Lawrie Reilly

Personal information
- Full name: Lawrance Reilly
- Date of birth: 28 October 1928
- Place of birth: Edinburgh, Scotland
- Date of death: 22 July 2013 (aged 84)
- Place of death: Edinburgh, Scotland
- Height: 5 ft 7 in (1.70 m)
- Position: Forward

Senior career*
- Years: Team / Apps / (Gls)
- 1946–1958: Hibernian / 253 / (185)

International career
- 1948–1957: Scotland / 38 / (22)
- 1948–1956: Scottish Football League XI / 14 / (14)

= Lawrie Reilly =

Scottish footballer (1928–2013)

Lawrance Reilly (28 October 1928 – 22 July 2013) was a Scottish footballer. He was one of the "Famous Five", the Hibernian forward line during the late 1940s and early 1950s, along with Bobby Johnstone, Gordon Smith, Eddie Turnbull, and Willie Ormond. Reilly is rated amongst the top forwards in Scottish football history and was inducted into the Scottish Football Hall of Fame in 2005.

==Life and career==
Reilly joined Hibernian in 1946, despite interest from their city rivals Hearts. He quickly established himself in the Hibs team, scoring his first goal against Queen of the South. He netted the first of 18 hat-tricks for Hibs in 1947, also against Queen of the South. He made his league debut as a 17-year-old in the 1946–47 season. Reilly was a fringe player in the 1947–48 season as Hibs won the league championship, playing in insufficient games to earn a winners' medal. It was reported that Reilly and Johnny Aitkenhead might be loaned to Edinburgh derby rivals Hearts, who were battling against relegation that season.

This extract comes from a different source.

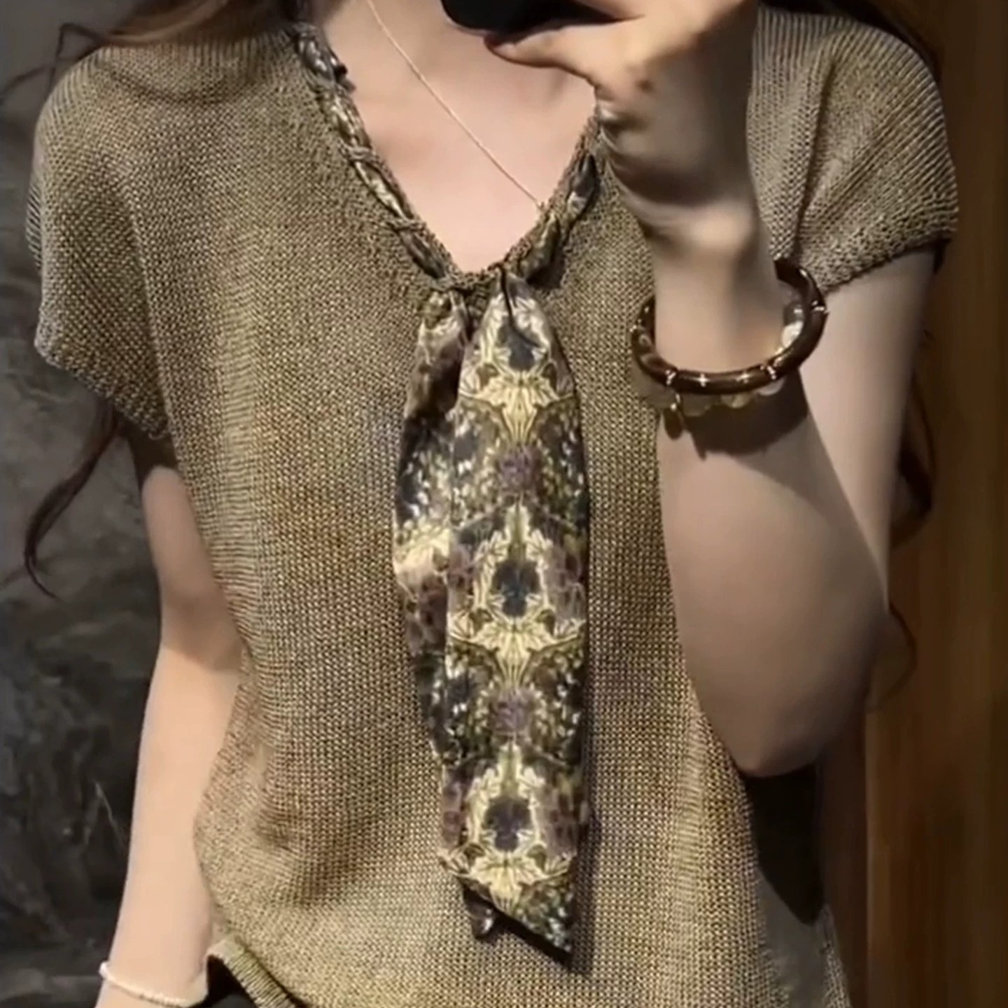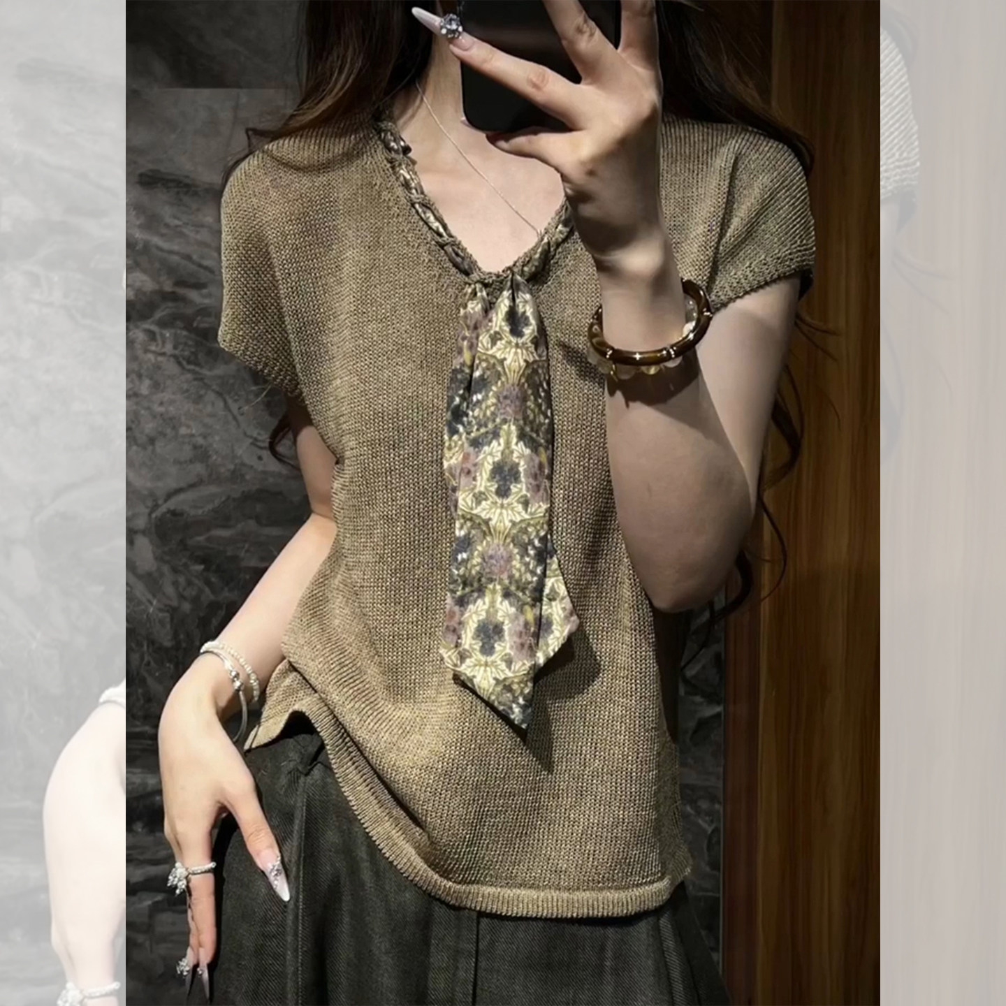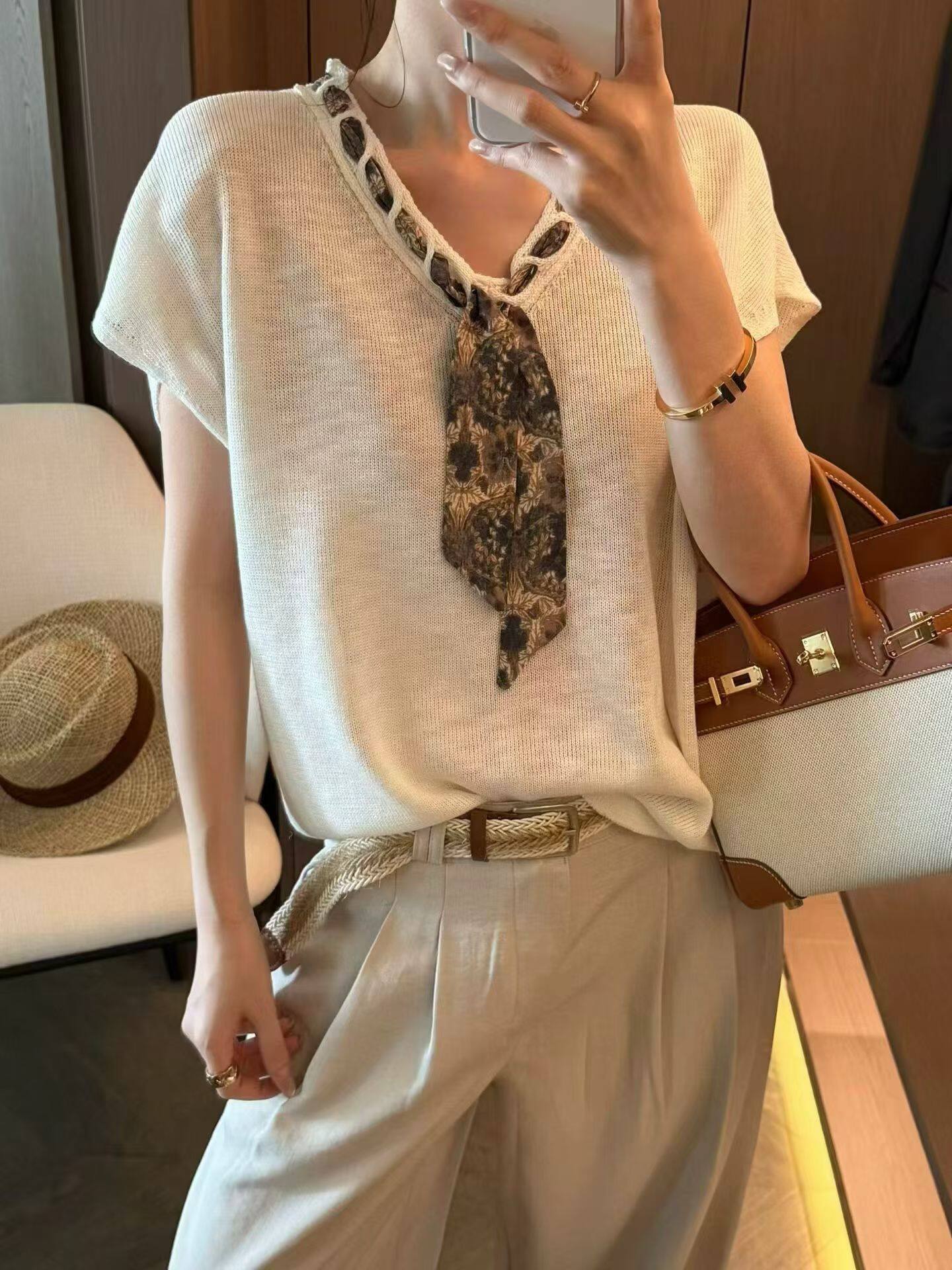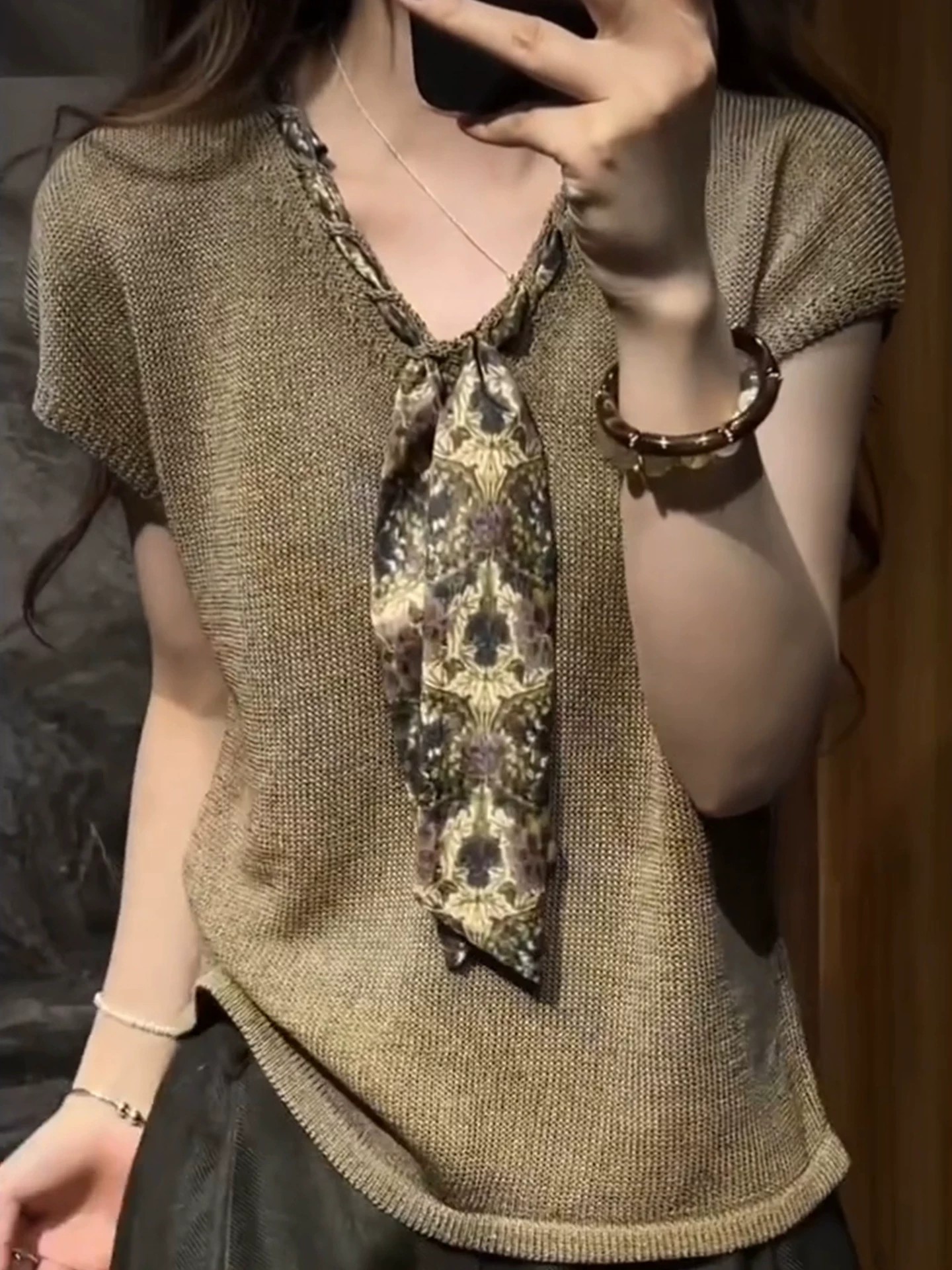 한 부서 착용 가져 가라. 낙타 스카프 V넥 니트 반팔 티셔츠 여성 여름 고급 센스 품격 긍정적 인 어깨 작은 맨위

Reilly became a first team regular during the following season, after Willie Ormond suffered a broken leg. He earned his first selection for Scotland that season, playing and scoring in a 3–1 win against England at Wembley. Later that year, the Famous Five were fielded together in a match for the first time. The forward line were used regularly for the first time during the 1949–50 season. The team earned 49 league points, more than in their championship-winning seasons, but lost out on the championship that season by a single point to Rangers. That season also provided a major disappointment in Reilly's international career, as Scotland qualified for the 1950 FIFA World Cup, but the SFA refused to send the team to Brazil because they had failed to win the 1950 British Home Championship.

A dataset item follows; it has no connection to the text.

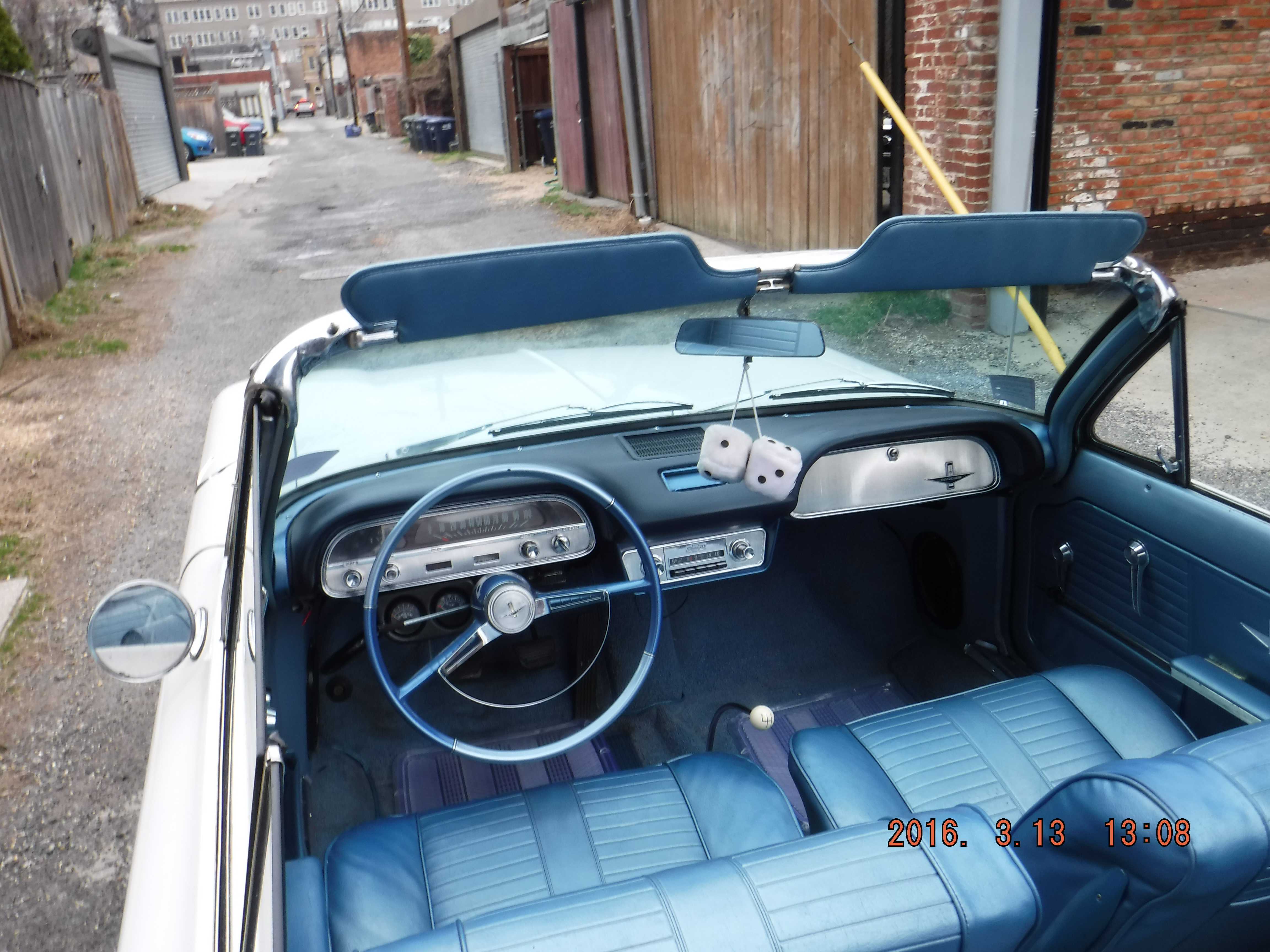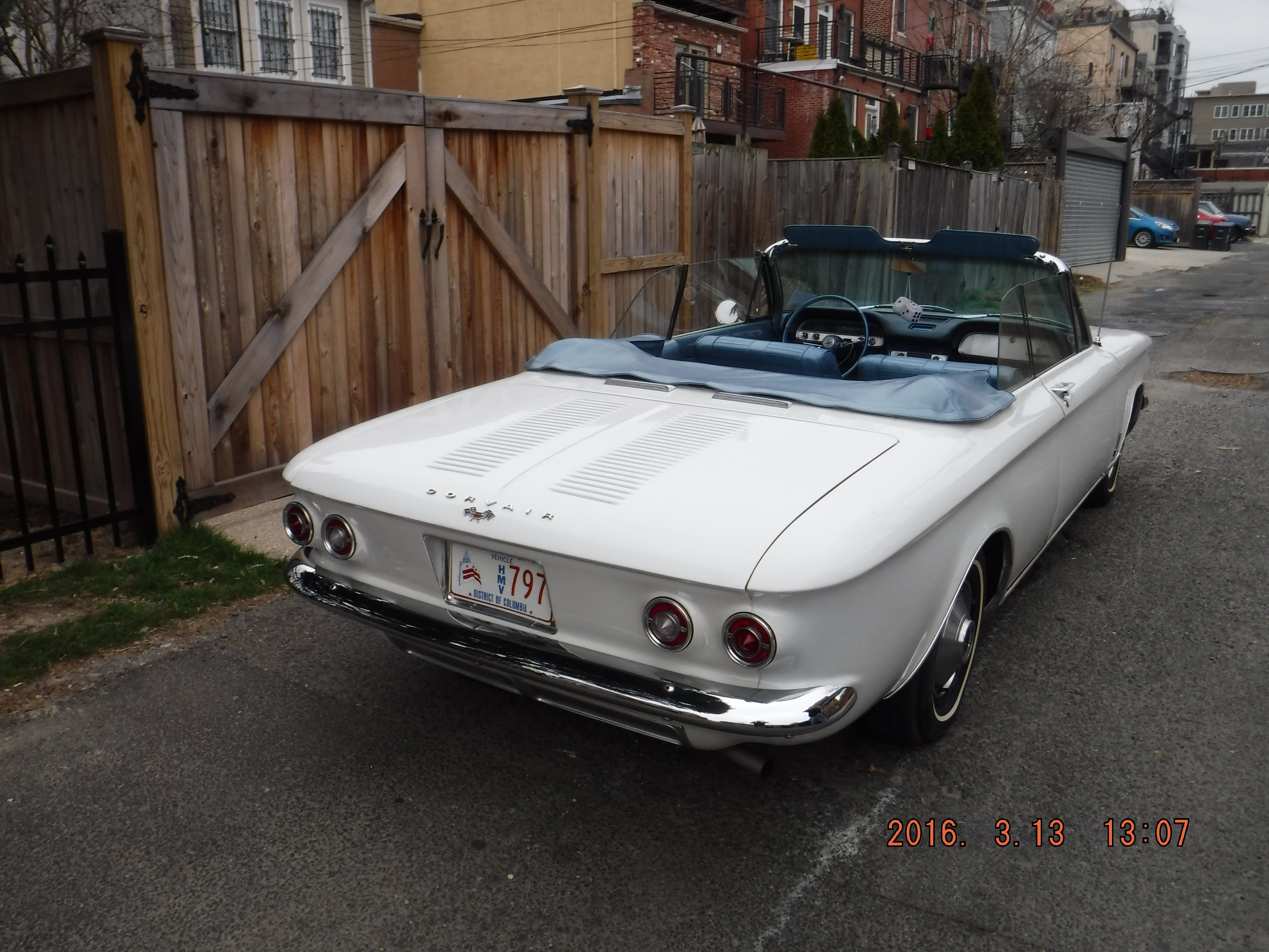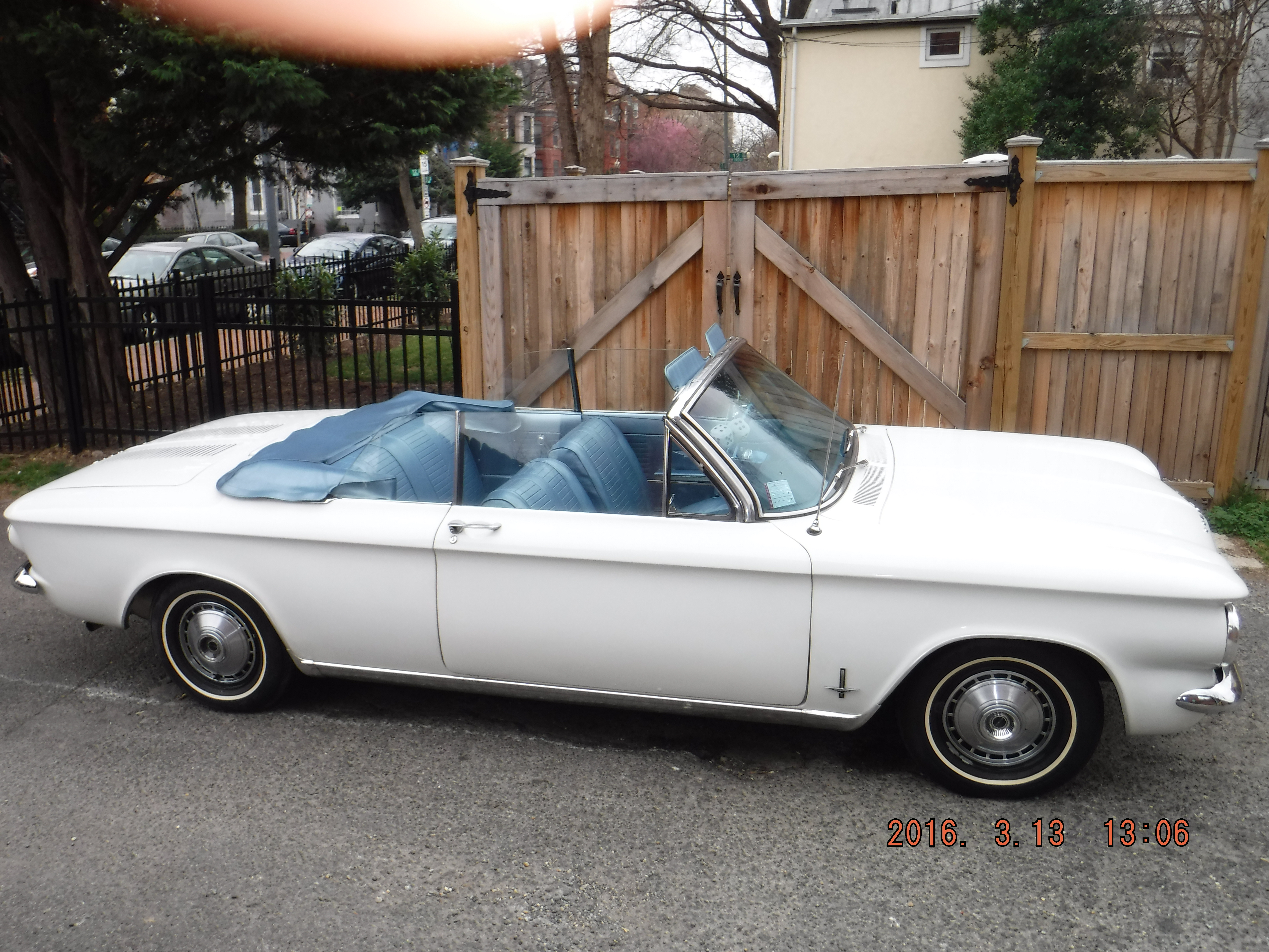 > I am selling my 1964 Corvair Monza convertible. I have owned the car since 1979, when I purchased it in Alexandria, Virginia from the second owner. The original engine was leaking badly when I got it, and had poor compression in several cylinders, so I purchased another 64 Monza with the 110 engine, which I installed with the help of Corvair loving friends. The car was fully restored in the late 1990's including paint and rust repair, complete new interior except for the original padded dash that remains including seats, door cards, boot, sunvisors, carpets, and top surround areas. All interior, window, and top gaskets were also replaced at that time, as was the top. A dual master cylinder was installed. The car has a power top (motor replaced) which works fine, although the switch is somewhat loose. The car also has a tinted windshield. The car has 94,400 miles which I believe is original, as I have only put on about 18,000 since buying it. The car was originally Silver Blue with blue interior, but I had the color changed to correct "Ermine White".

By the early 1950s, Hibernian were the most feared force in Scottish football as they won back-to-back league championships in 1951 and 1952. Reilly was instrumental in both triumphs, finishing top scorer in the 1951–52 triumph. Hibs finished second to Rangers in 1953 and the club's fortunes started to go into decline, although Reilly continued to perform well. He missed out on selection for the 1954 FIFA World Cup due to suffering from a bout of pleurisy.

Reilly almost quit football after a row with Hibernian after manager Hugh Shaw refused him a testimonial match. Reilly submitted a transfer request that was accepted by the board of directors, but the matter was eventually resolved. During the dispute, which lasted four months, Reilly took a job outwith football to support his family. The SFA brokered a compromise that allowed Reilly to resume playing, while retaining his other income.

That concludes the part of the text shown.